(Records drawn from a dataset)
== == ==
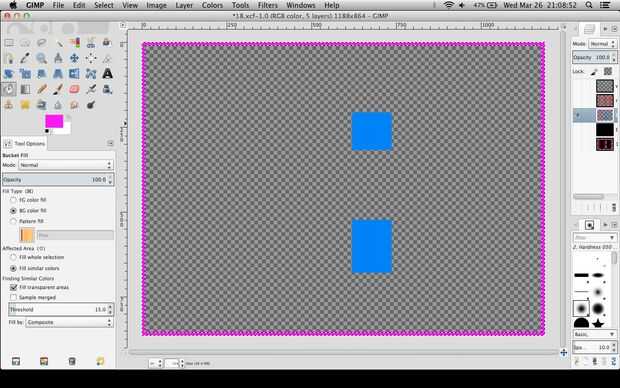 Entonces, usando seleccionar -> invertir, seleccione la zona fronteriza de 10 píxeles y pintar con la herramienta Cubo de llenar (con la opción de selección entero relleno). Puede ser cualquier color, pero utilizar algo como amarillo o rosa por lo que destaca mejor.
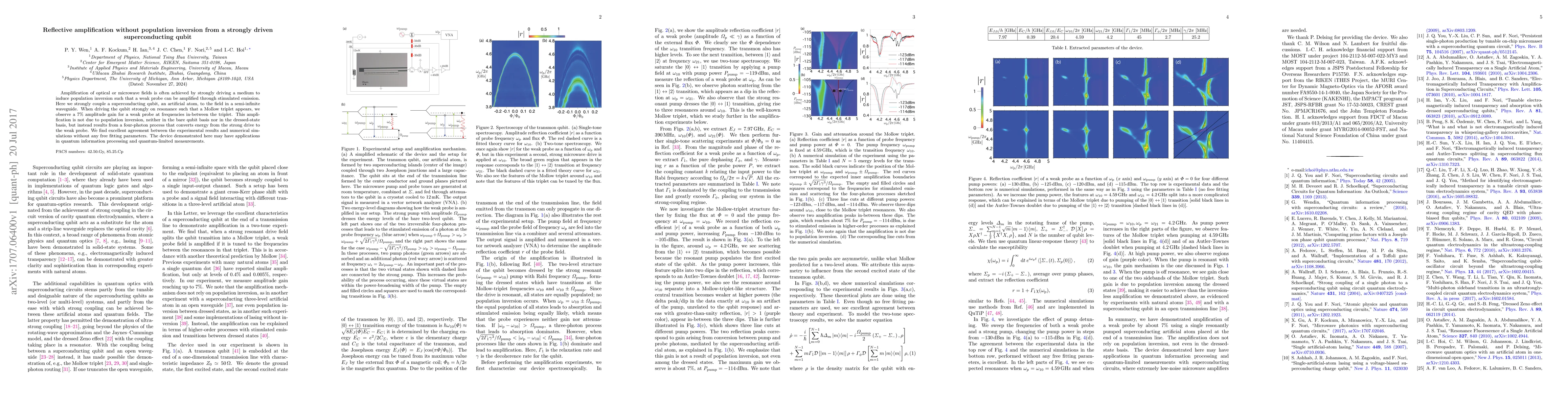 This paper reports on the amplification of microwave fields using a strongly driven superconducting qubit without population inversion, observing a 7% gain through a four-photon process. Experimental results match numerical simulations, suggesting potential applications in quantum information processing.
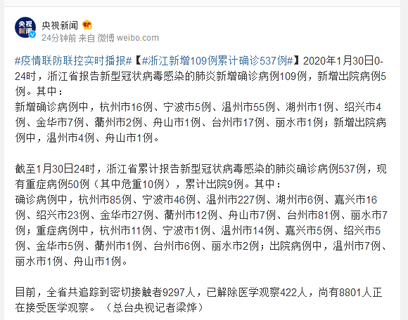 截至1月30日24时,浙江省累计报告新型冠状病毒感染的肺炎确诊病例537例,现有重症病例50例(其中危重10例),累计出院9例。其中:
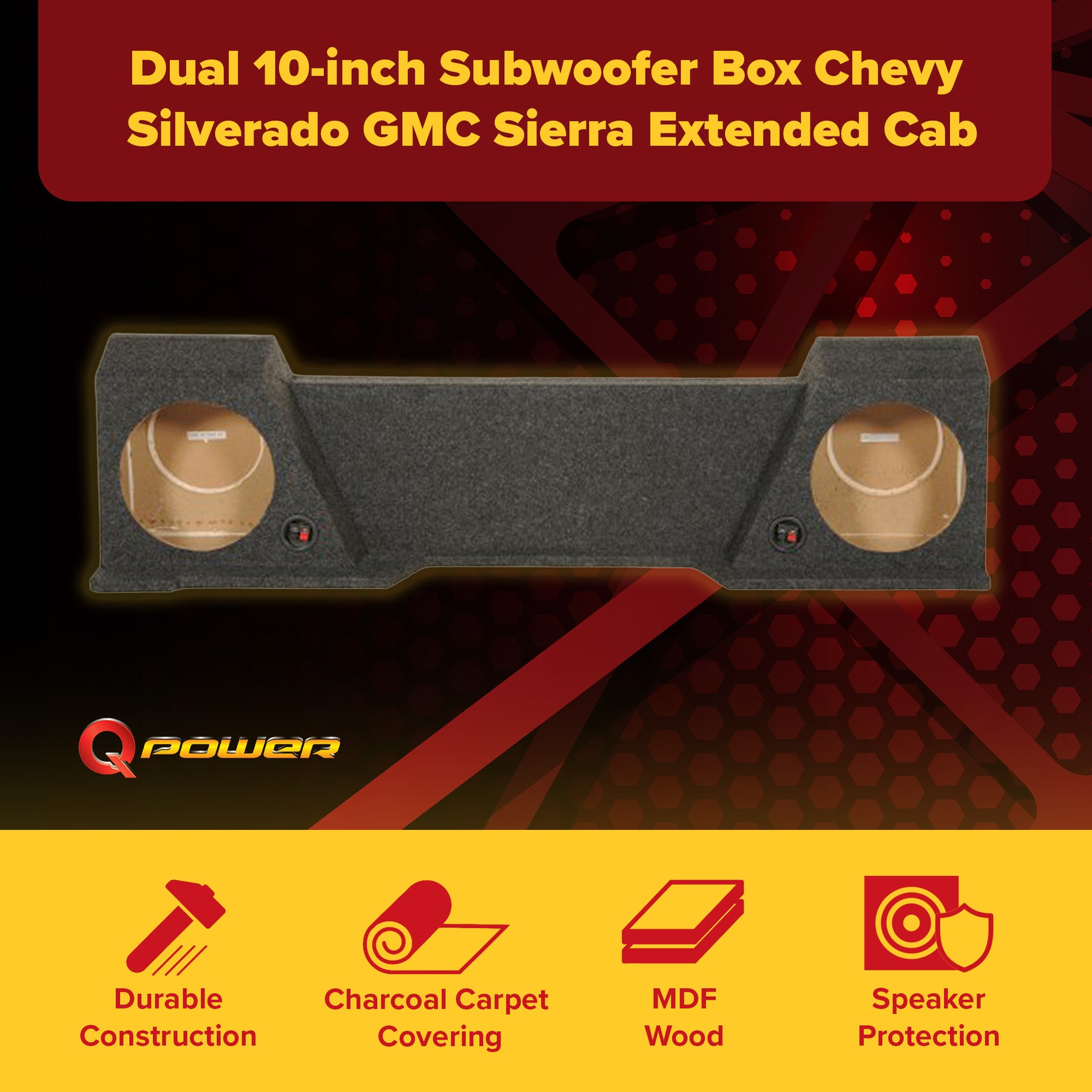 Q Power Dual 10 Inch Subwoofer Box for Chevy Silverado GMC Sierra Extended Cab
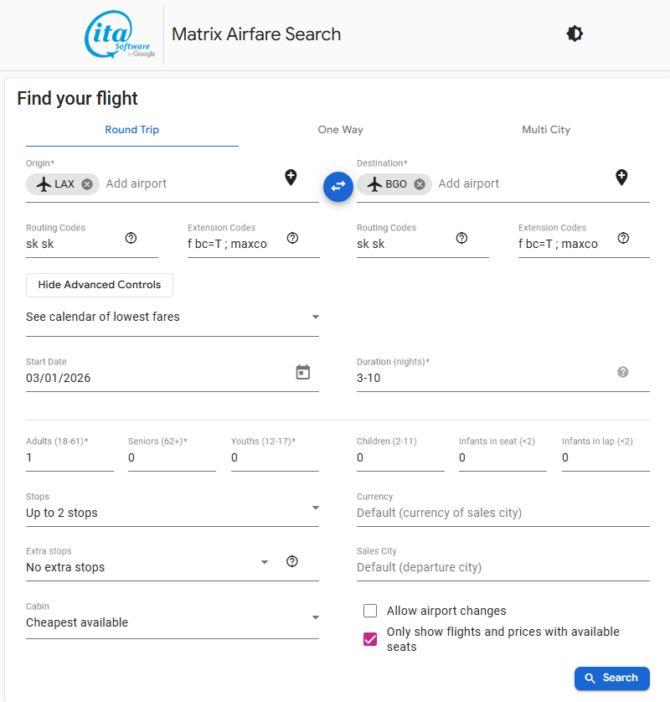 • The Matrix Airfare Search by ITA Software search page should be like below when all values are inputted
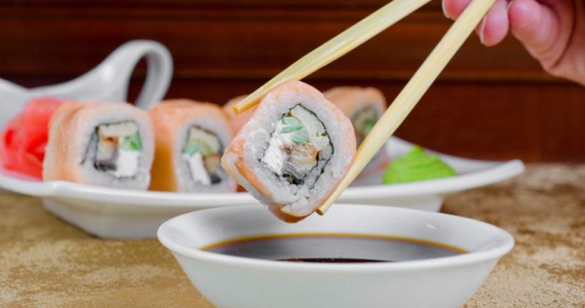 - При употреблении суши или роллов, погружайте только рыбу или морепродукты в соевый соус, а не рисовую сторону.
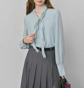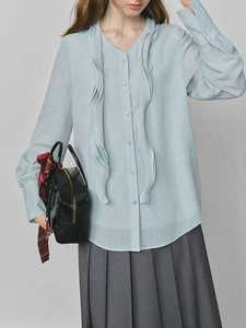 范思蓝恩 荷叶边蓝色飘带衬衫女2025秋装新款韩系通勤V领衬衣
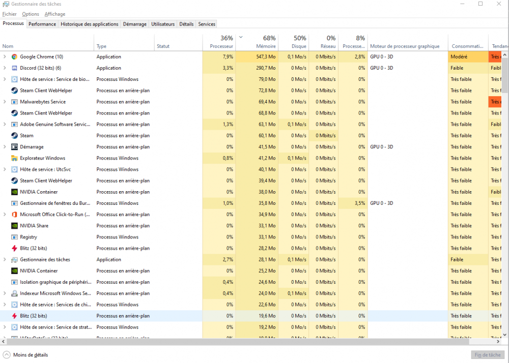 3. J'ai stopper discord et chrome j'ai du perdre 2-3%, et le navigateur ne change je rien Je précise j'ai 16go de ram :)
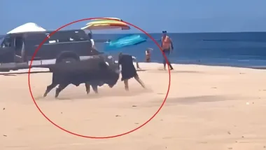 Un toro irrumpe en una playa y embiste contra los bañistas
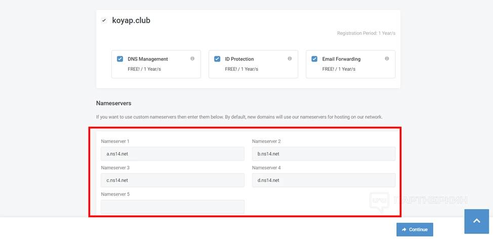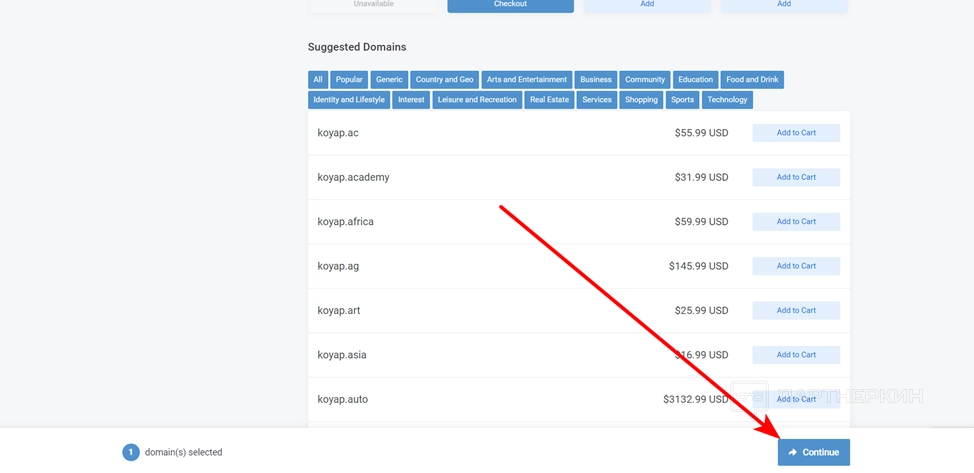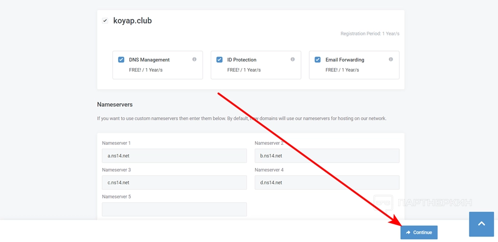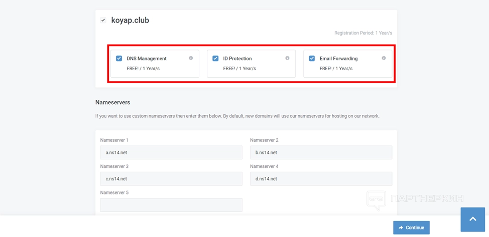 - Выберите нужное количество доменов и нажмите на Continue.
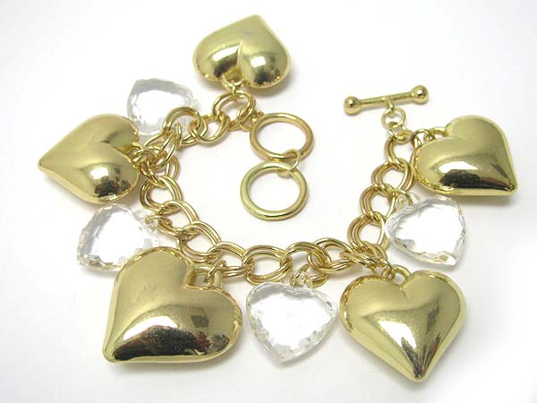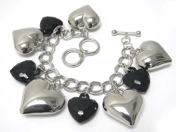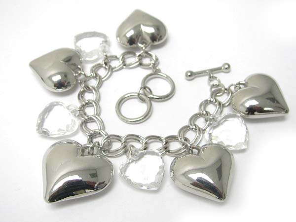 Metal and acryl heart dangle toggle bracelet
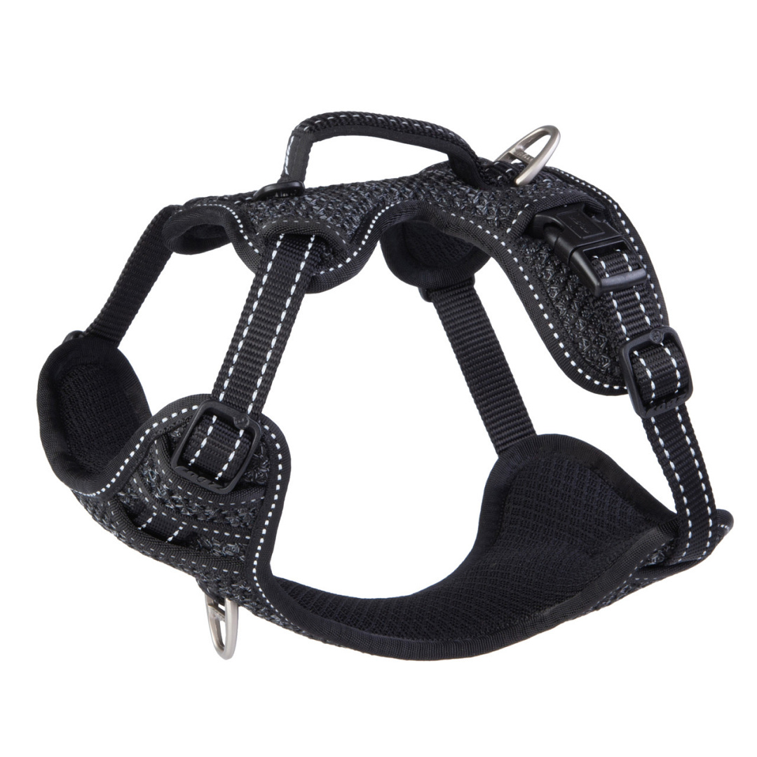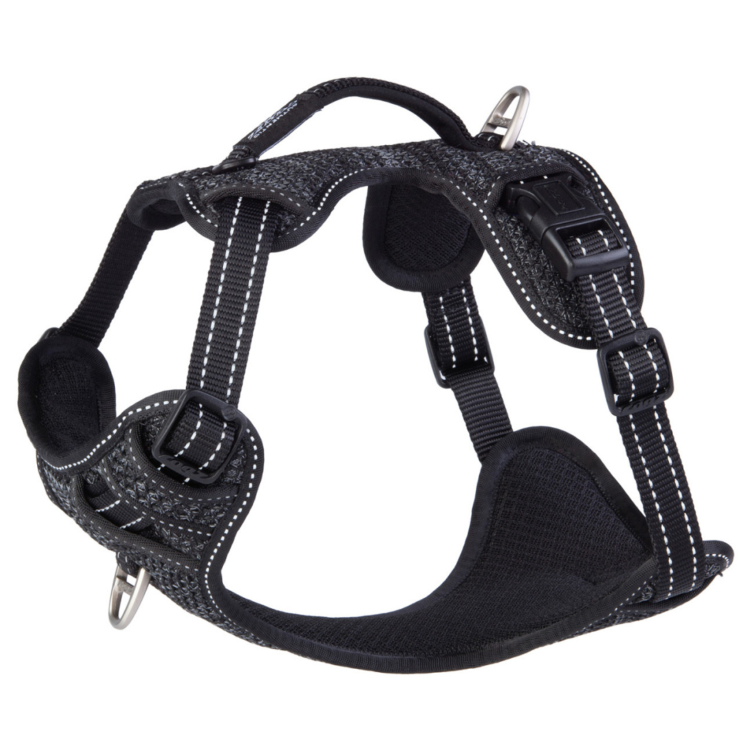• 1 ring zit op de rug voor dagelijks gebruik en 1 ring zit voor op de borst voor extra controle en sturing.
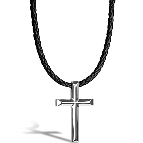 SERASAR Leather Chain Mens Necklace with Pendant - 60cm Silver Cord Jewelry Box for Real Gift Band
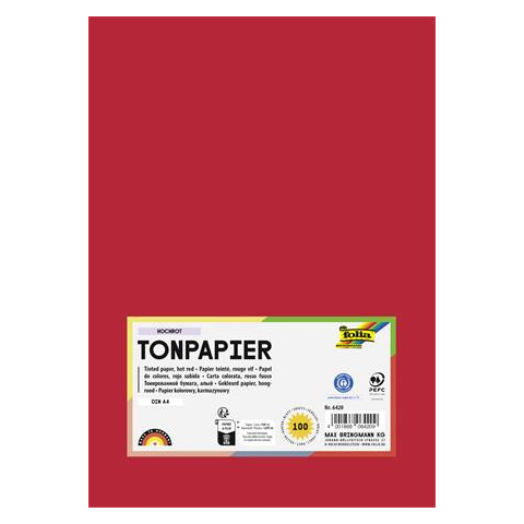 1 kép Folia Színes papír, A4, 130 g, 100 lap, FOLIA, élénkvörös (FL6420)
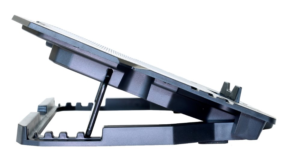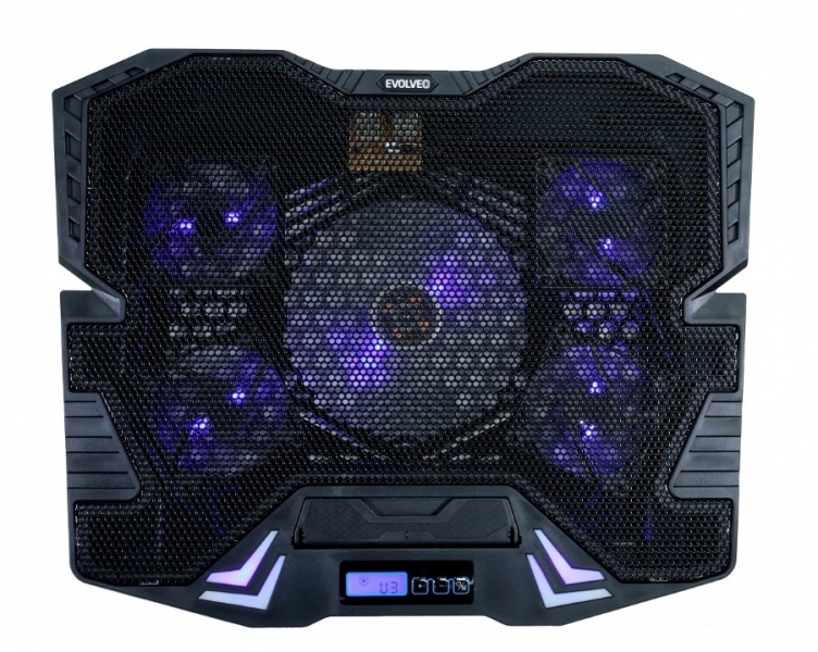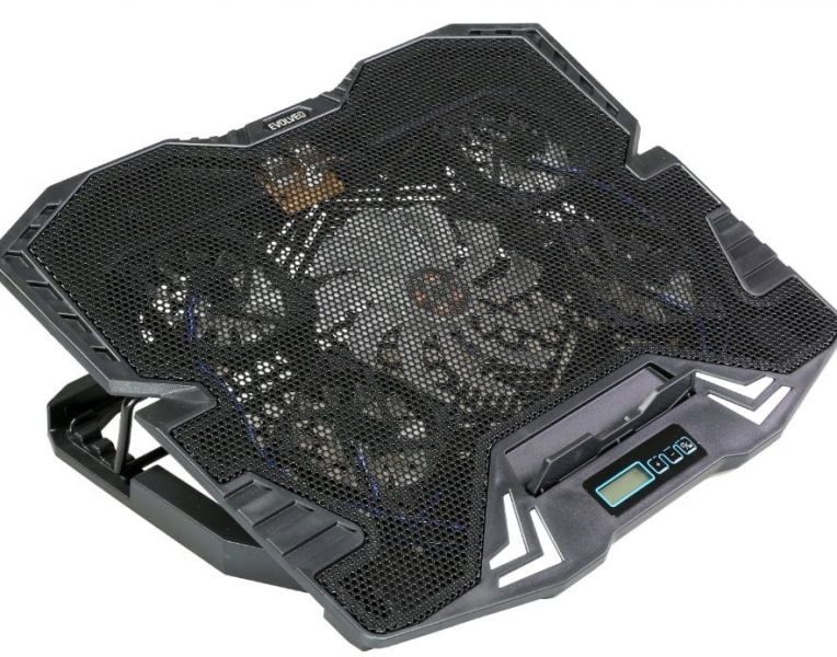 Herní polohovatelný chladící podstavec pro notebooky velikosti 11- 15.6". Regulace rychlosti otáček ventilátoru, displej s ukazatelem rychlosti ventilátorů.
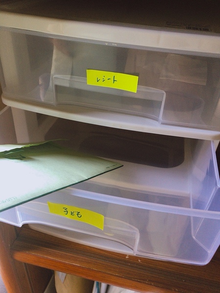 ファイルを使った収納法だと、入れるのも面倒ですし、出すときも書類が探しにくいですが、レターケース収納なら、引き出しの中を見れば入っている書類が一目瞭然なので、取り出すのも楽ちんです。
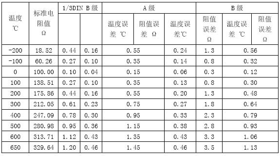 鉑電阻分度表見附件,備注:Pt1000的分度表用Pt100的分度表乘以10, Pt500的分度表用Pt100的分度表乘以5即可。
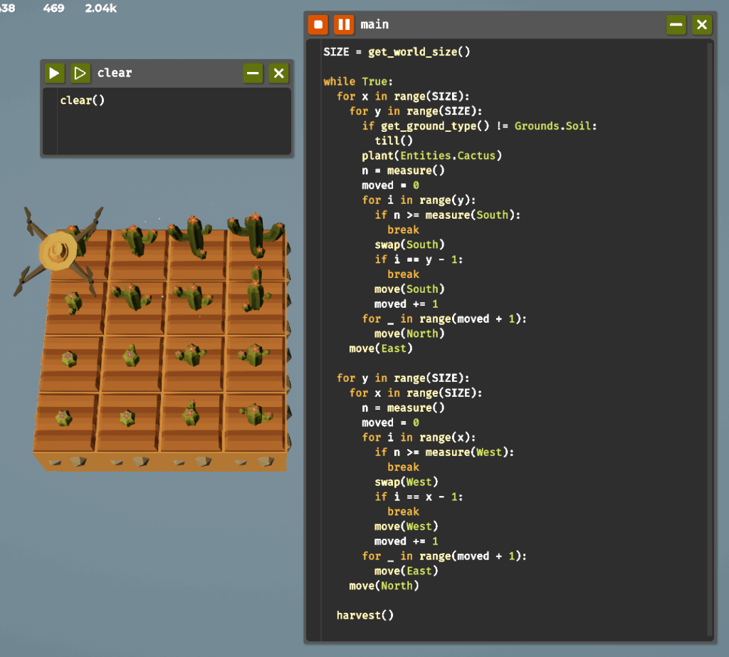 横方向でも同様の処理を行うため、コードを複製した後に進む方向を修正しましょう。縦方向の処理ですでにサボテンを植え終わっているため、植え付けに関する処理は不要になります。縦、横方向ともにソート処理が終わった後にドローンは左下に戻るので、そこで収穫することでソート済みのすべてのサボテンが一斉に収穫されてループは最初の処理から繰り返されます。また、サボテンの成長は1秒と短いため水やりは不要です。
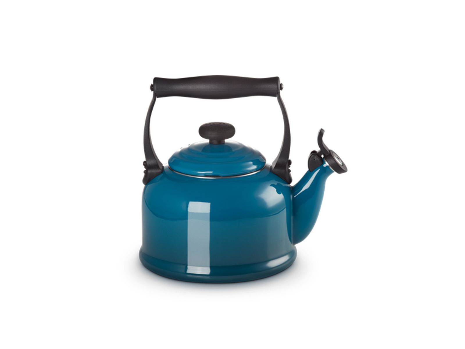 Introduceer traditionele stijl in uw keuken met deze klassieke ketel die fluit wanneer uw water klaar is. Een extra sterke bodem die geschikt is voor inductie zorgt ervoor dat uw water snel opwarmt en dankzij de ergonomische, hittebestendige handgreep kunt u gemakkelijk schenken. Hij is gemaakt van geëmailleerd staal en geeft uw huis een levendig kleurtje.
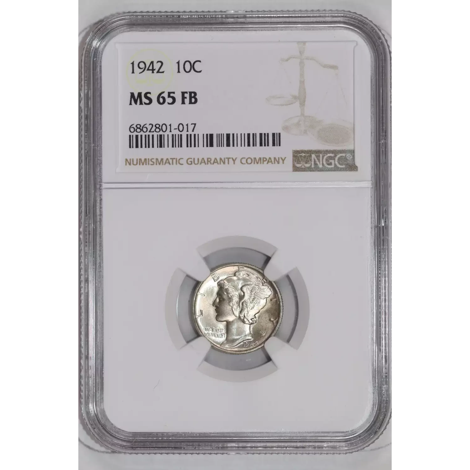 1942 Dimes Winged Liberty Head or Mercury NGC MS-65 FB
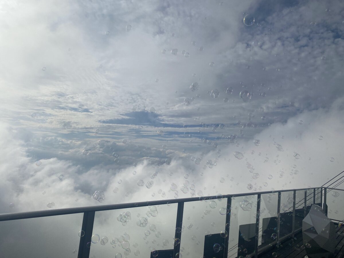 標高1,770mのSORAterrace上空を無数のシャボン玉が舞い、幻想的な世界が広がります。「絶景+シャボン玉」は写真映え間違いナシ。
== == ==
Would you copy the lines above exactly, starting with the one that has "- При употреблении" and ending with the one that has "Metal and acryl heart dangle toggle bracelet", both included, without the pictures?

 - При употреблении суши или роллов, погружайте только рыбу или морепродукты в соевый соус, а не рисовую сторону.
 范思蓝恩 荷叶边蓝色飘带衬衫女2025秋装新款韩系通勤V领衬衣
 3. J'ai stopper discord et chrome j'ai du perdre 2-3%, et le navigateur ne change je rien Je précise j'ai 16go de ram :)
 Un toro irrumpe en una playa y embiste contra los bañistas
 - Выберите нужное количество доменов и нажмите на Continue.
 Metal and acryl heart dangle toggle bracelet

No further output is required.